The resulting probability distributions P(E) of each iteration are shown in 2. Already after the second iteration (online color red), the energy histogram is reasonably flat in both low and high energies, but transition states at intermediate energies are still suppressed. This gap is filled in the third iteration (online color green). This more flat distribution results from a diffusive walk in energy that enhances also the number of observed folding/unfolding transitions by a factor 5 over the number observed in the previous replica exchange molecular dynamics simulation which itself already relied on an optimized temperature distribution.27 In order to maximize the number of folding/unfolding events, we utilize in the fourth iteration the approach of Trebst el al.18 to obtain a final distribution P(E) (online color blue) where transition states are now no longer suppressed but instead enhanced. This last iteration increases further the rate of transitions, raising improvement to a factor of 30. Computational resources (which include time spent for iterating the weights) and transition rates are summarized in Table 2 demonstrating for all our studied systems that multicanonical simulations lead to higher rates of transitions while requiring less resources.
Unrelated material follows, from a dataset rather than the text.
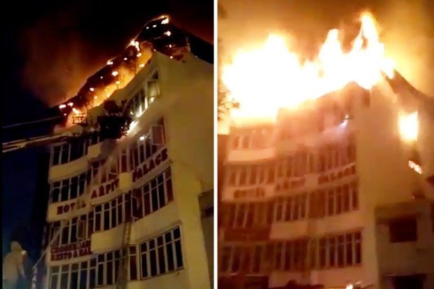 Thick smoke and huge flames could be seen emanating from the top floor of the 40-room hotel till around 7 am.

This is exemplified for MNK6 in Figure 3.
Table 2.
At the top of that figure we show the time evolution of the potential energy (A) and the number of native contacts NC (B) as observed during 50 ns of a randomly chosen multicanonical trajectory, while the bottom panels display the corresponding time series of potential energy (C) and number of native contacts (D) for the replica with most transitions (i.e. the best case) in the replica exchange molecular dynamics simulation of Ref.17 Because of the small number of transitions we had to choose a interval of double length, i.e. 100 ns. Note that the walk in energy space in the multicanonical simulation does indeed correspond to a walk in configurational space, moving between folded structures (the number NC of native contacts being a large number) and unfolded structure (NC being a small number).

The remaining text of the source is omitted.